Details about training corpus, availability of pre-trained model and data

Question

Closed this issue 6 years ago · 10 comments

Thanks for open sourcing the code. I have a few queries:

For pretraining and adding noise, 'train_1b.tgt' is used. Is this the same as concatenating all the files from . Was any further pre-processing done?
Can a link to the pre-processed data and pre-trained files be provided?
Thanks!

Thank you

Thanks.

Answer 1 · 2019-05-07T10:55:33.000Z

The "train_1b.tgt" file is built from the One Billion Benchmark. Tokenization was applied to each sentence.
I will share them later.

Answer 2 · 2019-05-20T13:54:23.000Z

Can you please share the pre-processed data and pre-trained models?

Answer 3 · 2019-05-21T06:00:32.000Z

Can you share the ablation metrics for the pre-trained model with and without using a spell-corrector?
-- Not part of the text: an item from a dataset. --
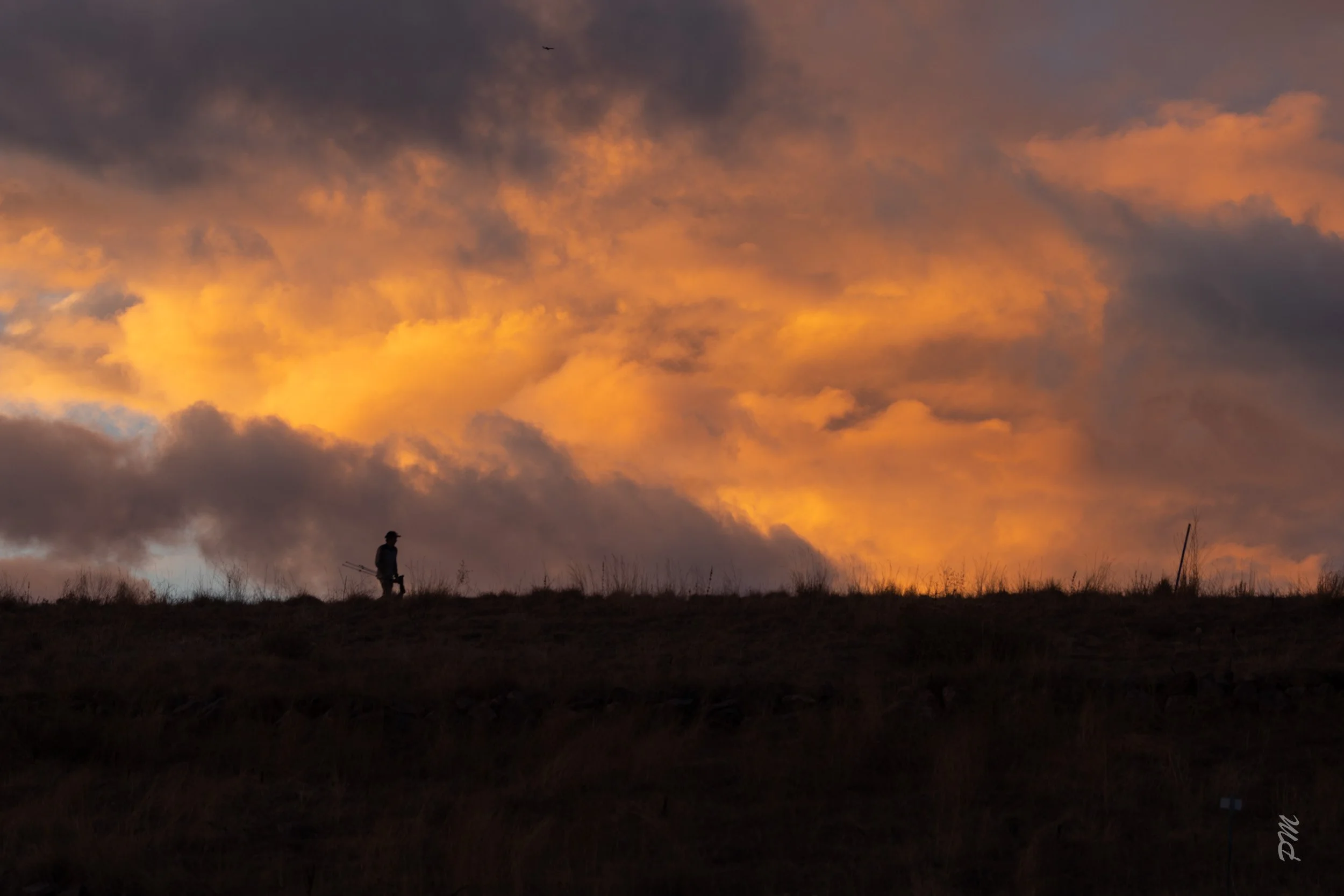 Right (Above on mobile device) - Obviously not a bird but a spectacular sunset while I was heading to my car. The person in the photo must have been a birder because he is carrying a scope on the trail around the reservoir

Thanks.

Answer 4 · 2019-05-27T09:55:26.000Z

I didn't do that, but later I can provide the spelling error corrected source sentences of the CoNLL 2014 test dataset.

Answer 5 · 2019-06-06T07:44:24.000Z

Can you please provide the spell-corrected source sentences on CoNLL-14 test set?
Thanks.

Answer 6 · 2019-06-12T02:35:27.000Z

Already shared.

Answer 7 · 2019-07-18T02:55:11.000Z

Can you please provide the link to download train_1b.tgt?

Answer 8 · 2019-07-18T05:42:22.000Z

Can you please provide the link to download train_1b.tgt?

It is the tokenized One Billion Benchmark dataset. You can download and tokenize it yourself.